Tuesday, January 4, 2011

It's not you. OK, it is.

Tweeeeeeeeet! And that wraps up another round of online dating. Before I leave the micro-micro-microcosm that is Match, I wanted to share a couple of quotes from some of the people that have viewed my profile lately and given me the notion that there's perhaps too many frogs to kiss on Match and I need to spread the word amongst people I know that I'm looking. You know, the old fashioned way...

OK, the quotes, unedited by me.

"I'v been on eHarmony for about 3 months now, and still looking for a woman who can get past the fact that my divorce is not yet final. Not yet a member on Match.com, just testing the waters."

"My passion in life is living in and expanding the Kingdom of God."

"I am just a man, who has seen many things, been many places, and seeks to find someone to share some old and new of each with."

"I wish success and acceptance among all people and I hope the meeting with a girl romantic arabic and understand that Life is a game doomed to fall and enjoy all the times"

The rest of them are all seeming to gel together and no one stands out. Must be time to take a break. And, by the way, the Kingdom of God stuff is all well and good, it just wasn't what I was expecting to find in a profile. Not to be disrespectful, but why bring Him into it at this stage?

I was communicating with two men lately. One is 9, the other 13 years older. Sure, sure, everyone says that age is one of the least important determinants, but here's the thing. Both have children in college, and mine is still too young to stay home by himself. It's a different thing that I don't think either of these people would end up embracing. So the one has stopped emailing, and I just canceled a meeting for coffee today with the other one. I don't know, it just didn't feel right, and I'm not going to ignore that.

I am happier and more content when I'm not on Match. I feel like doing the online dating thing takes mental and emotional energy from me that I should be spending elsewhere. So I'm going to look around and find some things to do this weekend. I'm sorry if you've been reading about my struggles with finding a mate with a big fat yawn. Hey, me too. I'm tired of the struggle. Instead of being optimistic, it feels like so much work. Lopsided and backwards.

However, it's going to be another beautiful day here in CO. I'm working on another quickie sweater that I hope to finish this weekend. The Christmas decorations need to come down, and I have decided to call a handyman to install the darn disposal that is STILL sitting in my kitchen. Another artifact of living alone.

6 comments:

  1. Hear, hear! I've been off Match since I told you, a few weeks ago. It feels good to be away from that stressor.

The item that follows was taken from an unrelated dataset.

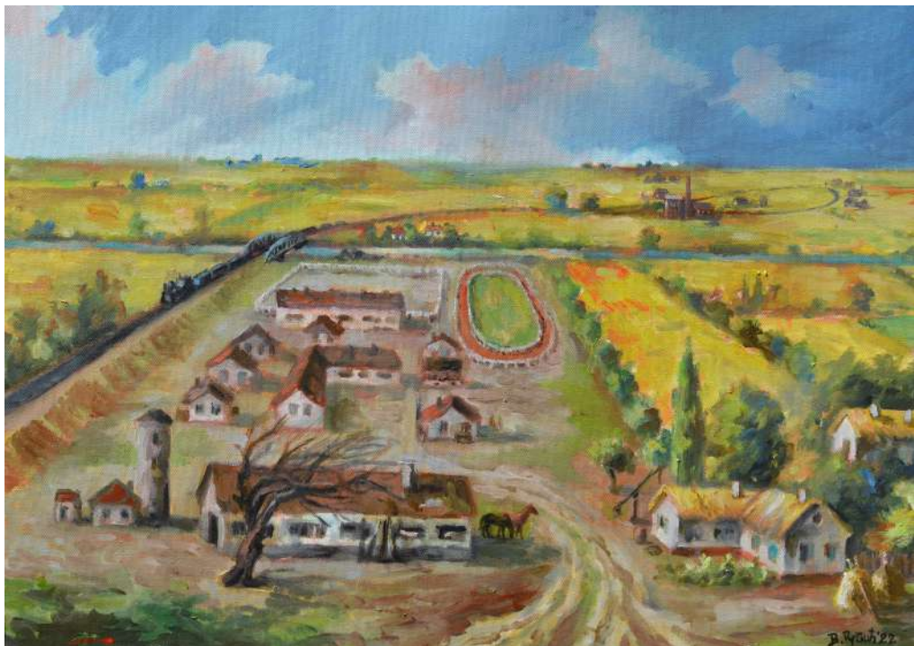
Žrebčín Kulpín Ďoke Dundeřského (1919) , olejomaľba, 70 x 50 cm, 2022

    Think about giving OKCupid a try. It's free and the people I've met are higher quality, as in better matches than from Match. I think it's because of their algorithm - you answer questions and then specify how your match would answer the same question and how important the answer is to you. They develop match, friend and enemy percentages from there. I've met some 95% matches (boring to talk to someone who thinks exactly the same) and met some 70% matches who were pretty interesting. It's also successfully (quickly, so I don't have to even communicate with them) weeded out people who don't meet my basic requirements, like no drugs, no TV in the bedroom, less weight and appearance focus, etc. Shh, don't tell, but it might be working for me. Two weeks in with someone and things look good so far.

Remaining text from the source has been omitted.